17番目

《客注という落とし穴》

 客注というものは、 店にその本があれば発生しない。 店にないから客注なのだ。

 客注の事務処理は結構面倒臭い。 出版社の名前もあやふやで、 さらに書名さえもあやふや、 パソコンであれこれ調べ、 あげくのはてには2〜3週間お待ち下さいというと、 そんなにかかるのかと、 けげんな顔をされる。 ほんとうはもう少し早く入りそうなのだけど、 万が一遅くなってお客に叱られるよりは、 少し長めに言っといたほうが無難。 1500円のために住所の確認やらなにやらで20分もかかっていしまい、 これじゃサービス倒れだとブツブツ。

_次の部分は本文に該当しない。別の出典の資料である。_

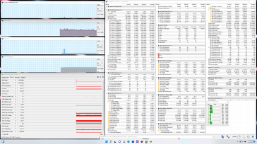 Bij het uitvoeren van Prime95 om de CPU te belasten, werden de kloksnelheden en kerntemperatuur opgevoerd tot 4 GHz en 95 C gedurende de eerste paar seconden, voordat ze stabiliseerden in het 2,7 tot 3 GHz bereik om te voorkomen dat de processor nog warmer zou worden. Ter vergelijking, de Core i7-12800H in de Blade 17 zou langzamer en koeler draaien op 2,4 tot 2,6 GHz en 71 C, respectievelijk, wanneer onderworpen aan vergelijkbare Prime95 omstandigheden. MSI pusht zijn CPU dus veel warmer om de processorprestaties te maximaliseren. CPU pakket vermogen op de GS77 zou oplopen tot 122,7 W tijdens het begin van de test voordat het stabiliseert op ongeveer 71 W, wat weer hoger is dan de 61 W die we registreerden op de Razer.

 まぁまぁそう言いなさんな。 数ある書店のなかから貴店を選んで、 本当はすぐに欲しいのだけど、 しょうがないから2〜3週間待つ覚悟で注文してくれたのだから。 確かに客注は割りの合わないものである。 いっそ止めたほうが、 ということで、 客注を受けない書店もあるそうだ。 しかしそこまでして読者が注文する本である。 そこにかなり重要な購入の動機なり理由があるはずである。 これをチェックしない手はない。 販売のキーワードが見付かるかもしれない。 客注というのは、 見掛けの繁雑さの中に「売り」の秘密が隠されているものなのだ。 これを無視すると、 とんだ落とし穴にはまるかもしれない。